▶ _Provided material_
-------------------------
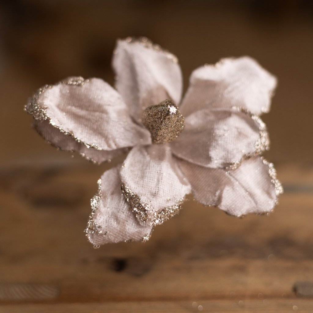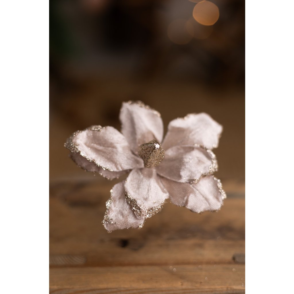Vianočná magnólia s trblietavým piestikom a jemným okrajom. Priemer 15cm.
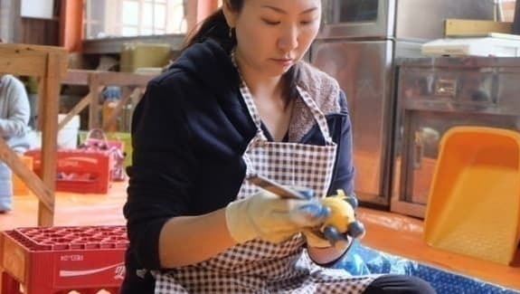 日本唯一の燻製法、今庄つるし柿。1つずつ皮を向いて丁寧に作っていきます。
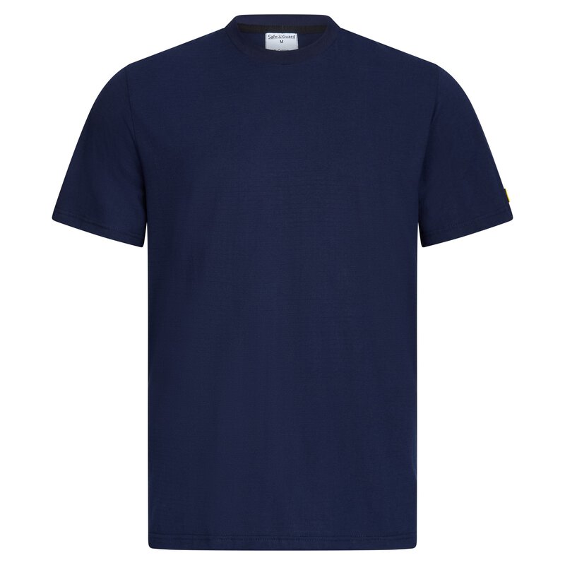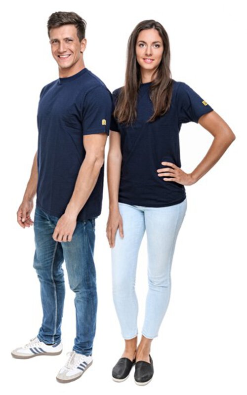 Unsere SafeGuard ESD T-Shirts sind die perfekte Wahl für alle, die Komfort und Qualität schätzen. Hergestellt aus veredelter, hochwertiger Baumwolle bieten sie ein angenehmes Tragegefühl. Mit dem runden schwarzen Kragen und dem gestickten ESD-Logo auf dem Ärmel setzen sie stilvolle Akzente. Das typische Punkt-zu-Punkt Widerstandsniveau von Rp-p: 10⁵ - 10⁷ Ohm gewährleistet eine effektive Ableitung elektrostatischer Ladungen. Diese marineblauen Unisex-T-Shirts erfüllen nicht nur die Anforderungen der DIN EN 61340-5-1, sondern sind auch Öko Tex zertifiziert. Dank des kurzen Arms und des Rundhalsausschnitts sind sie sowohl bequem als auch stylisch. Die Zusammensetzung aus 96% Baumwolle und 4% Carbonfaser sowie das Flächengewicht von 150 g/m² sorgen für Langlebigkeit und Tragekomfort. Mit der ESD Zertifizierung nach IEC 61340-5-1:2016 bieten unsere T-Shirts die optimale Kombination aus Funktionalität und Design. Gönnen Sie sich noch heute ein SafeGuard ESD T-Shirt und erleben Sie höchste Qualität in Sachen ESD-Schutz!
-------------------------
▶ _Your objective_
The required answer is an exact, picture-free copy of the lines from the opening of the listing above through the line with "日本唯一の燻製法、今庄つるし柿。1つずつ皮を向いて丁寧に作っていきます。".

▶ _Response below_
Vianočná magnólia s trblietavým piestikom a jemným okrajom. Priemer 15cm.
 日本唯一の燻製法、今庄つるし柿。1つずつ皮を向いて丁寧に作っていきます。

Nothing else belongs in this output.